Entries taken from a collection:
------------------------

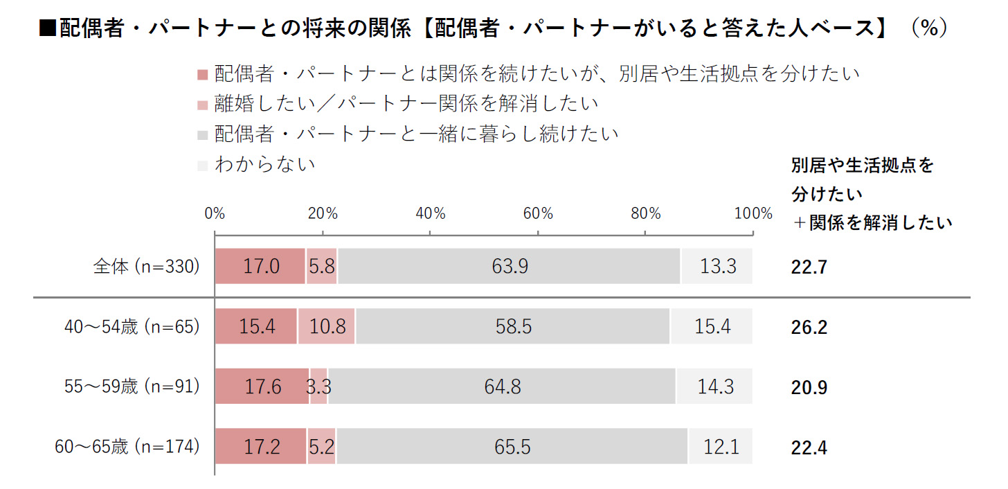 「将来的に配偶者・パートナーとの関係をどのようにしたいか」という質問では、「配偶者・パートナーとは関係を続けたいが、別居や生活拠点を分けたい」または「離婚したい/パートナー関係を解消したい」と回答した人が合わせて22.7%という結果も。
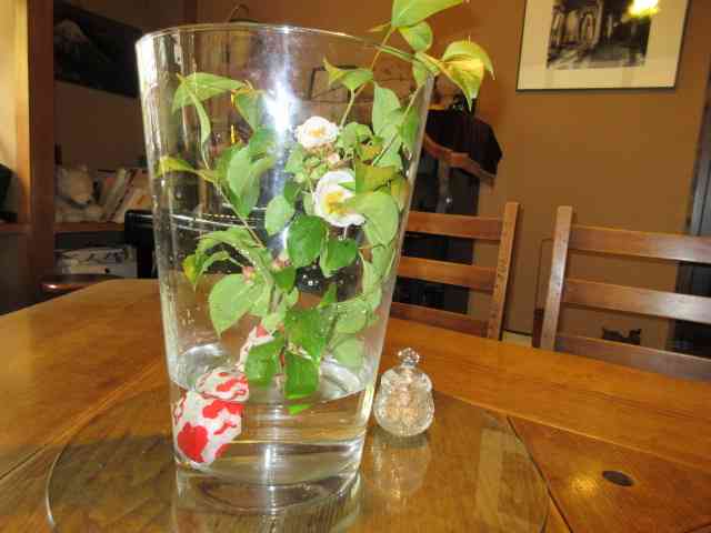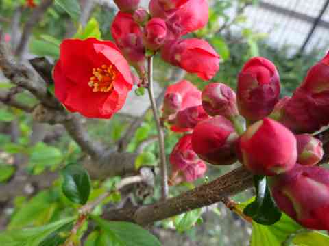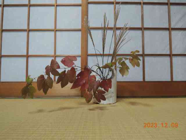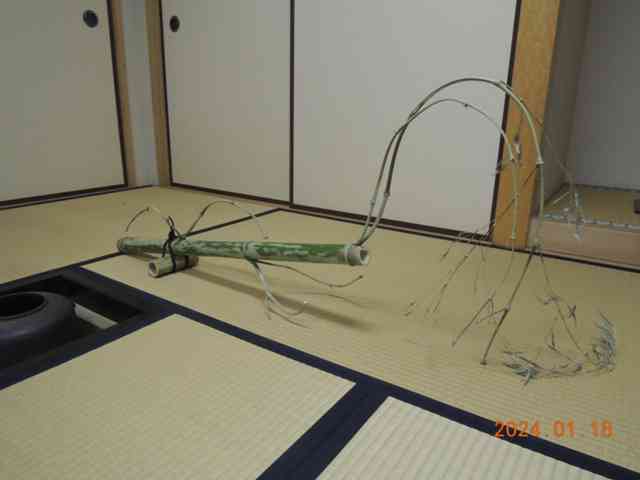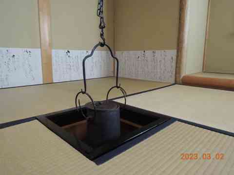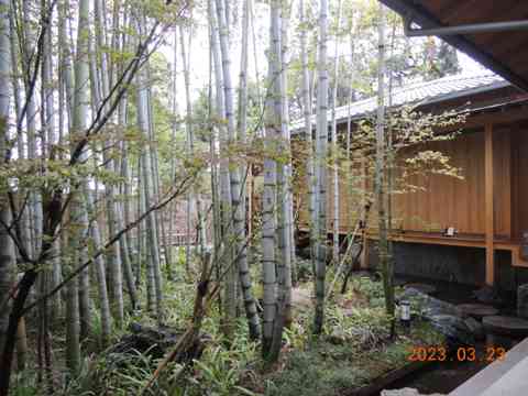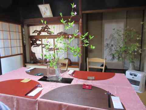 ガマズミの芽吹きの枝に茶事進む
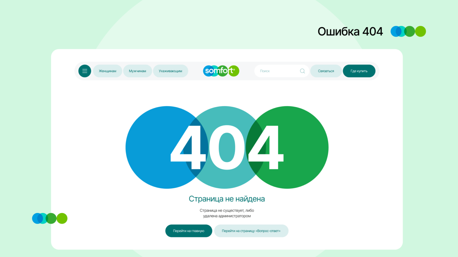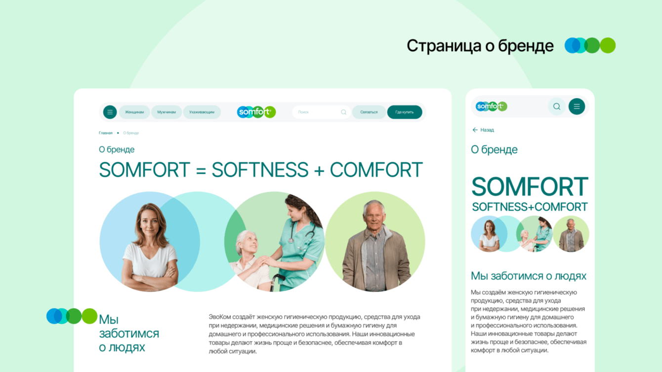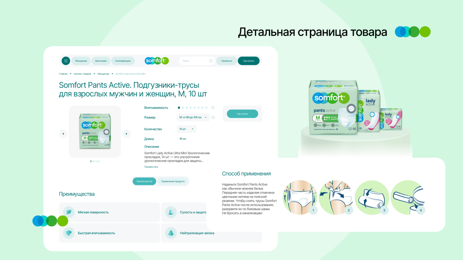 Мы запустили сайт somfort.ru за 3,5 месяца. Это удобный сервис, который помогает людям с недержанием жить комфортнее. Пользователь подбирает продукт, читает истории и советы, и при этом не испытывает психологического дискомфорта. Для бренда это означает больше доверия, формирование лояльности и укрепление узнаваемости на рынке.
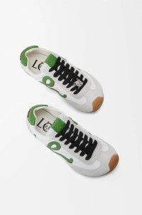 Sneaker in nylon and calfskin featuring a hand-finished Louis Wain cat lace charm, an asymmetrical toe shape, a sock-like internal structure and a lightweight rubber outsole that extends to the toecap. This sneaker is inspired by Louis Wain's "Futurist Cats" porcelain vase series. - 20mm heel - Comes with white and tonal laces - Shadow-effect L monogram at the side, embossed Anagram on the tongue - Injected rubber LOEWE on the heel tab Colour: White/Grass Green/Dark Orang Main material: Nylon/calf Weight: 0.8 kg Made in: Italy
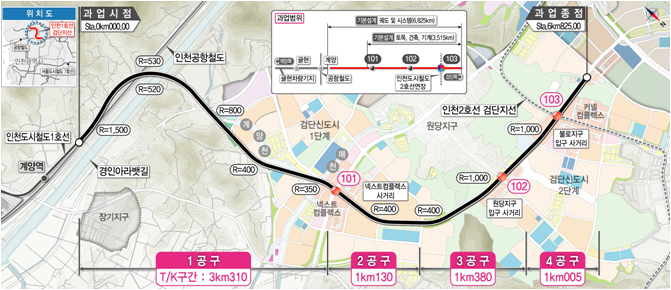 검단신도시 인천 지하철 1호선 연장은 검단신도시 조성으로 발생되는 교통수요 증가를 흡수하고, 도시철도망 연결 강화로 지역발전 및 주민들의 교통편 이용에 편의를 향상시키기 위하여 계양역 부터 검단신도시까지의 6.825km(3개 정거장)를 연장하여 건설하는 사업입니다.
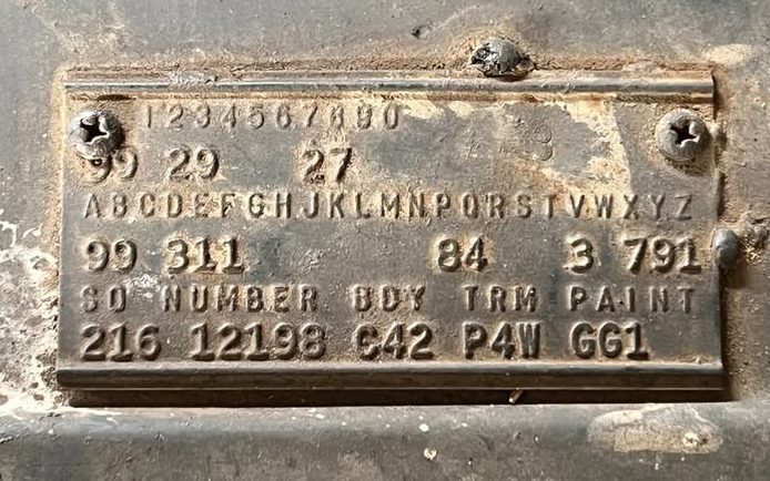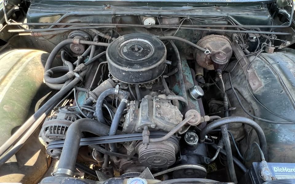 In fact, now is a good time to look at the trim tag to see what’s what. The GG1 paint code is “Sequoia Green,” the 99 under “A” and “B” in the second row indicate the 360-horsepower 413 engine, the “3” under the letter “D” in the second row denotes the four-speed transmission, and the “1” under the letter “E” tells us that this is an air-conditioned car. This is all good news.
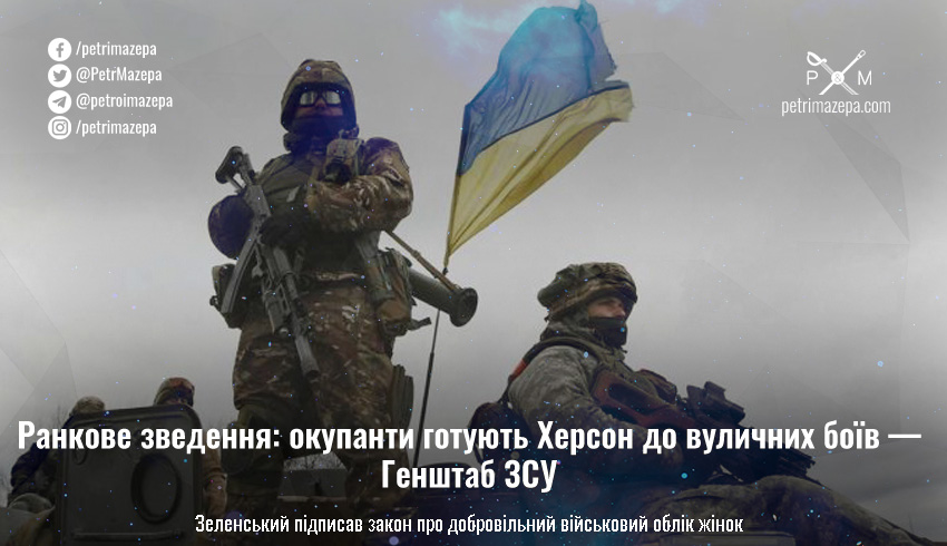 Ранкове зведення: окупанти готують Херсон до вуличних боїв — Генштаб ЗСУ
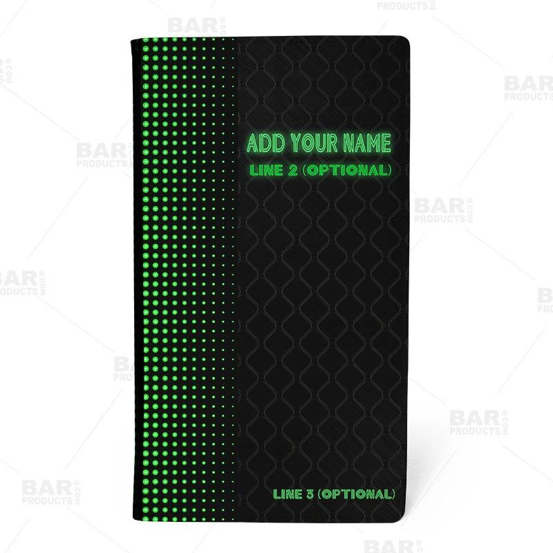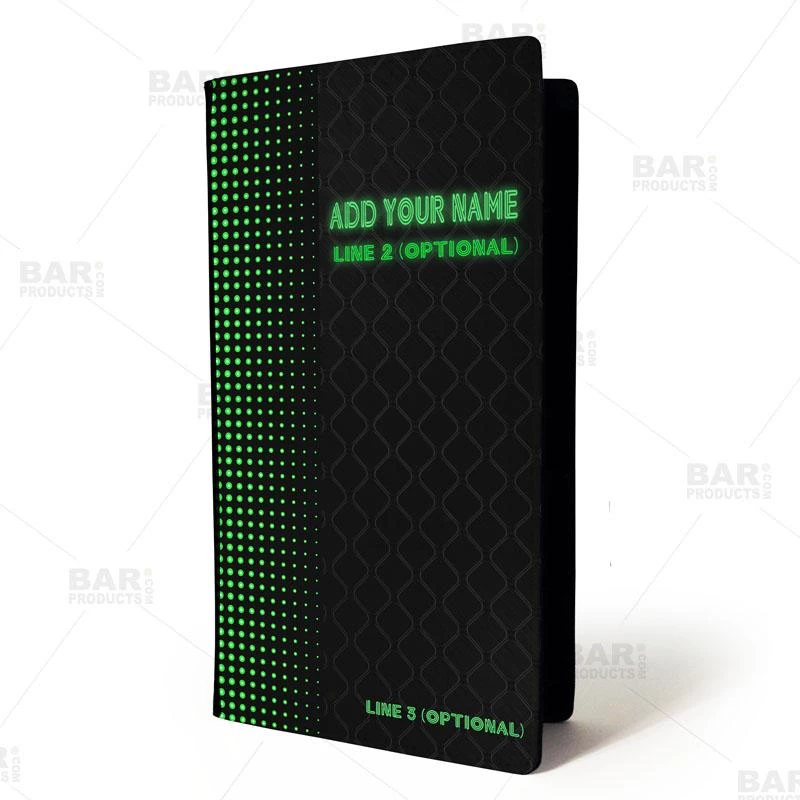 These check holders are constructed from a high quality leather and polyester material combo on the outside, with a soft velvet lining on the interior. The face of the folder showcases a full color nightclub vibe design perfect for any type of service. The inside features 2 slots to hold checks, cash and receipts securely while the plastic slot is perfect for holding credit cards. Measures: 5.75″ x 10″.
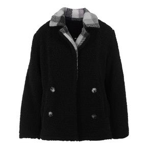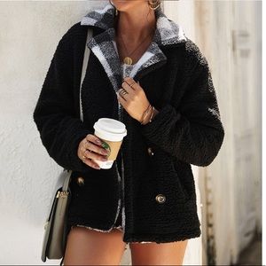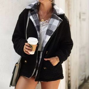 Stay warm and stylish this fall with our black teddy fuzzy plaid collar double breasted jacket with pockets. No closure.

------------------------

Reproduce the records above exactly, but only from the line with "Мы запустили сайт" up to and including the line with "Ранкове зведення: окупанти". Leave the pictures out.

Written solution:
 Мы запустили сайт somfort.ru за 3,5 месяца. Это удобный сервис, который помогает людям с недержанием жить комфортнее. Пользователь подбирает продукт, читает истории и советы, и при этом не испытывает психологического дискомфорта. Для бренда это означает больше доверия, формирование лояльности и укрепление узнаваемости на рынке.
 Sneaker in nylon and calfskin featuring a hand-finished Louis Wain cat lace charm, an asymmetrical toe shape, a sock-like internal structure and a lightweight rubber outsole that extends to the toecap. This sneaker is inspired by Louis Wain's "Futurist Cats" porcelain vase series. - 20mm heel - Comes with white and tonal laces - Shadow-effect L monogram at the side, embossed Anagram on the tongue - Injected rubber LOEWE on the heel tab Colour: White/Grass Green/Dark Orang Main material: Nylon/calf Weight: 0.8 kg Made in: Italy
 검단신도시 인천 지하철 1호선 연장은 검단신도시 조성으로 발생되는 교통수요 증가를 흡수하고, 도시철도망 연결 강화로 지역발전 및 주민들의 교통편 이용에 편의를 향상시키기 위하여 계양역 부터 검단신도시까지의 6.825km(3개 정거장)를 연장하여 건설하는 사업입니다.
 In fact, now is a good time to look at the trim tag to see what’s what. The GG1 paint code is “Sequoia Green,” the 99 under “A” and “B” in the second row indicate the 360-horsepower 413 engine, the “3” under the letter “D” in the second row denotes the four-speed transmission, and the “1” under the letter “E” tells us that this is an air-conditioned car. This is all good news.
 Ранкове зведення: окупанти готують Херсон до вуличних боїв — Генштаб ЗСУ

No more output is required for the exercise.